BEIJING — On one of his many visits abroad in recent years, Xi Jinping, the presumptive new leader of China, met in 2009 with local Chinese residents in Mexico City, where in a relaxed atmosphere he indirectly criticized the United States.
“There are a few foreigners, with full bellies, who have nothing better to do than try to point fingers at our country,” Mr. Xi said, according to a tape broadcast on Hong Kong television. “China does not export revolution, hunger, poverty nor does China cause you any headaches. Just what else do you want?”
Mr. Xi is set to be elevated to the top post of the Chinese Communist Party at the 18th Party Congress scheduled to begin here on Nov. 8 — only two days after the American election. He will take the helm of a more confident China than the United States has ever known. He will be assuming supreme power in China at a time when relations between the two countries are adrift, sullied by suspicions over a clash of interests in Asia and by frequent attacks on China in the American presidential campaign.

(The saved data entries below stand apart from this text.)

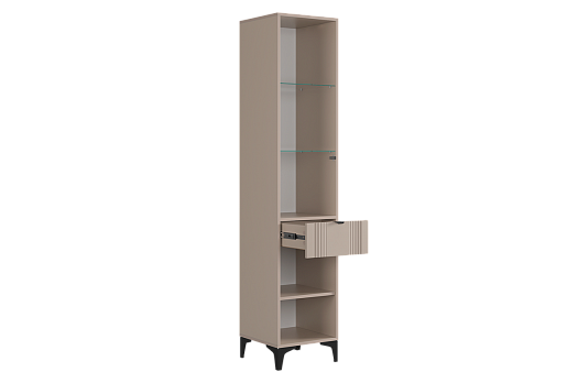Рич Шкаф однодверный (со стеклом) кашемир/фрапучино матовый/черный из каталога Модульные гостиные купить в Тюмени в магазине мебели онлайн Мебельсон по цене 23 825 ₽
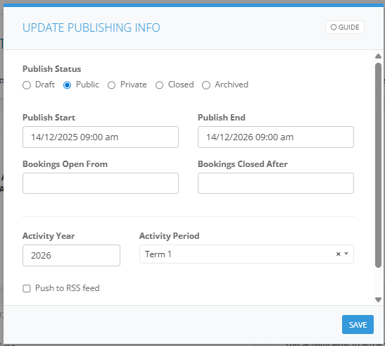 16. Select on Details tab and Edit Publishing. Enter a Publish Start and End Date
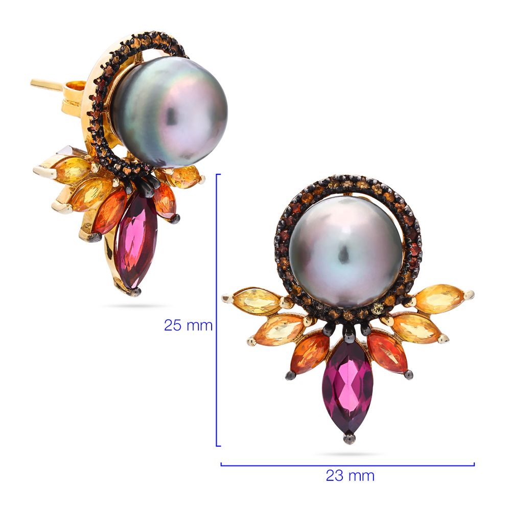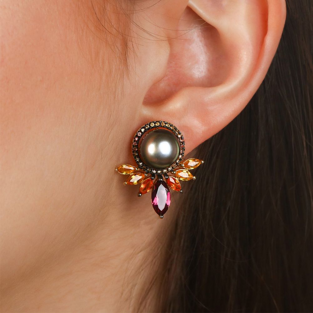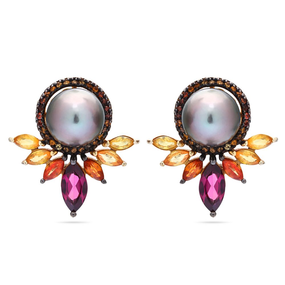 Em pedras: Pérola Cinza, Safiras Laranjas e Rodolitas Aprox.21,50 cts
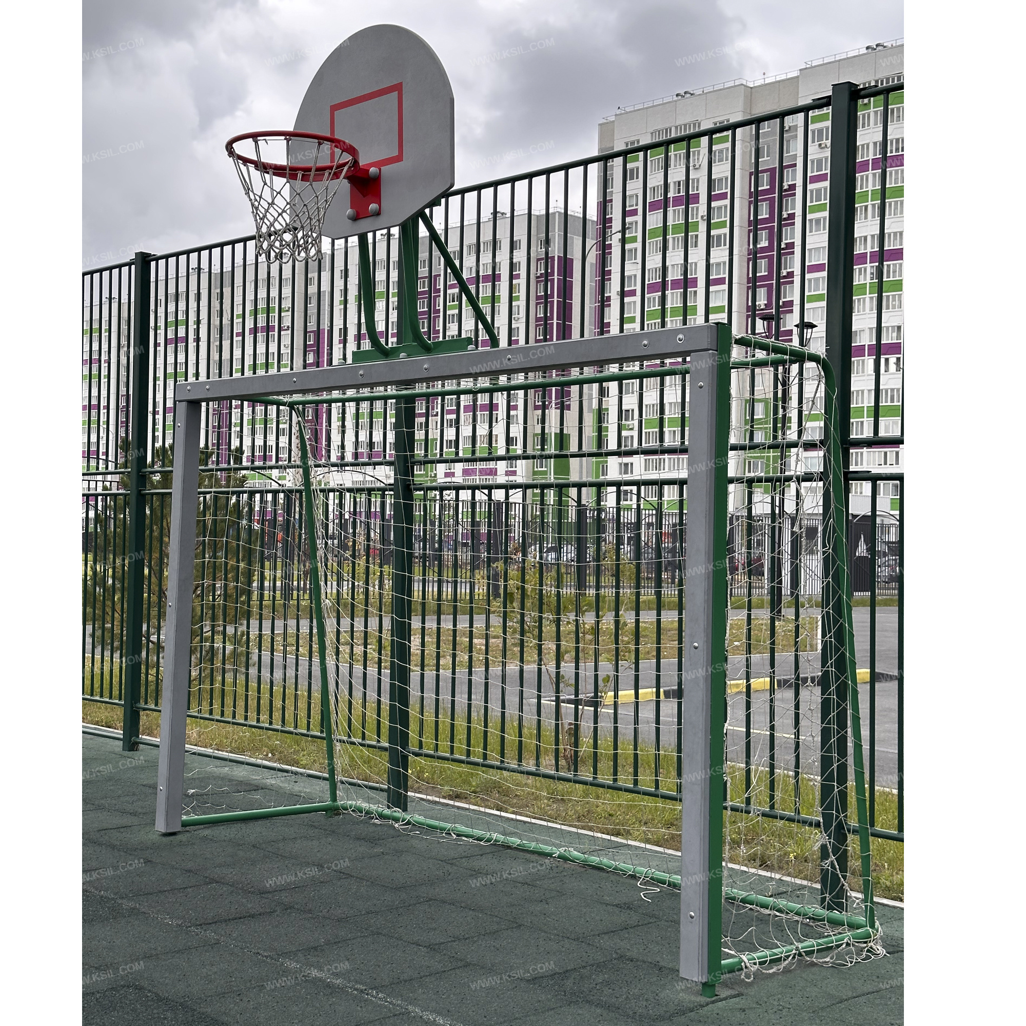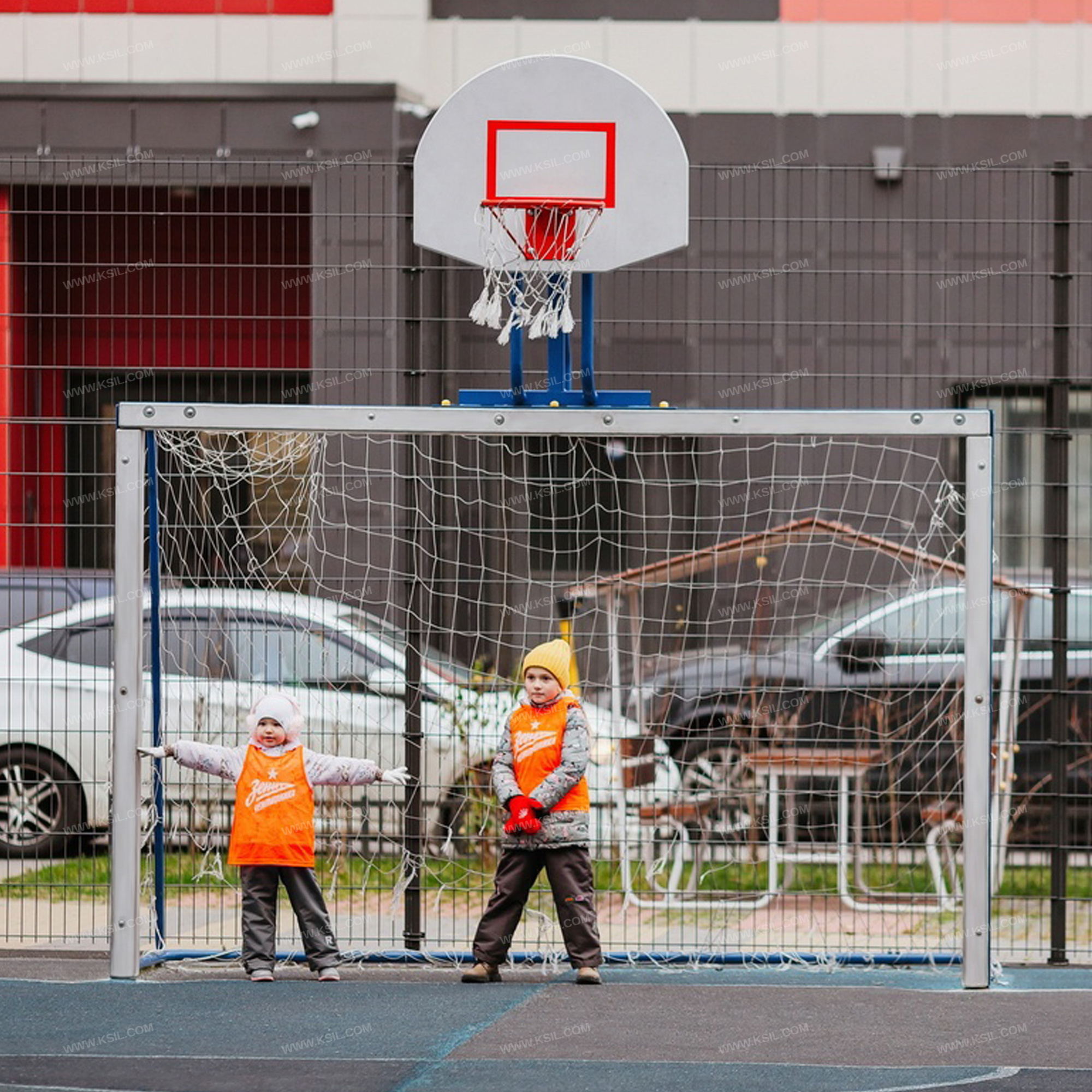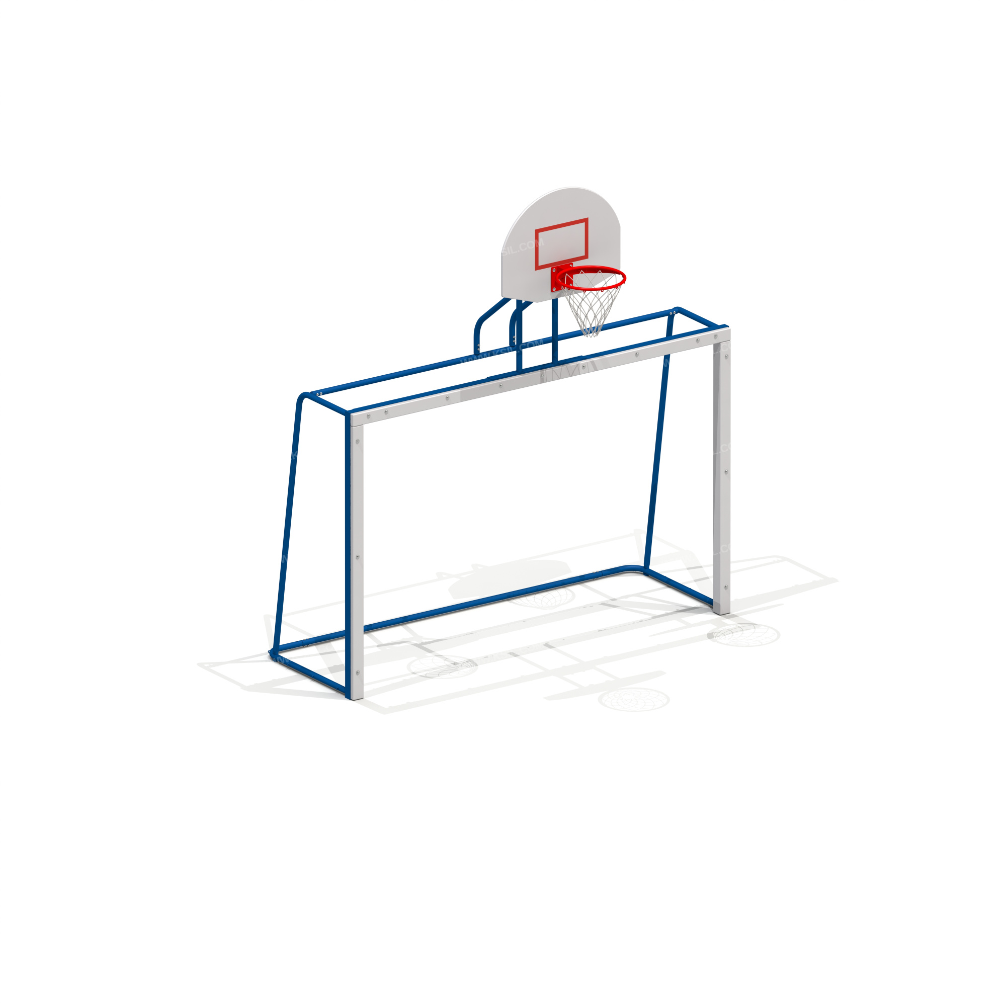 Гандбольные ворота с баскетбольным щитом предназначены для спортивных игр и физического развития ребенка и должны обеспечивать развитие координации движений, ловкости и смелости, чувства коллективизма в массовых играх.Гандбольные ворота должны состоять из металлического каркаса и баскетбольного щита, установленного в верхней части ворот.Каркас ворот должен быть разборным и состоять из двух боковых частей с брусками, верхней балки с бруском и соединительной перекладины. Каркас изготовлен из металлической трубы диаметром не менее 42 мм, металлического равнополочного уголка сечением не менее 63х63 мм и клееного деревянного бруска сечением не менее 90х90 мм.Баскетбольный щит должен состоять из консоли, выполненной из металлической трубы диаметром не менее 42 мм, профильной трубы сечением 60х30 мм и равнополочного уголка 63х63 мм; щита, выполненного из влагостойкой фанеры толщиной не менее 21 мм и баскетбольного кольца из металлической трубы диаметром не менее 21 мм с капроновой сеткой.

In the last four months, China has forged an aggressive, more nationalistic posture in Asia that may set the tone for Mr. Xi’s expected decade-long tenure, analysts and diplomats say, pushing against American allies, particularly Japan, for what China considers its territorial imperatives. The son of a revolutionary general, Mr. Xi, 59, boasts far closer ties to China’s fast-growing military than the departing leader, Hu Jintao, had when he took office. As Mr. Xi rose through the ranks of the Communist Party, he made the most of parallel posts in the People’s Liberation Army, deeply familiarizing himself with the inner workings of the armed forces.
Even if Mr. Xi does not immediately become head of the crucial Central Military Commission as well as party leader, he will almost certainly do so within two years, giving him at least eight years as the direct overseer of the military.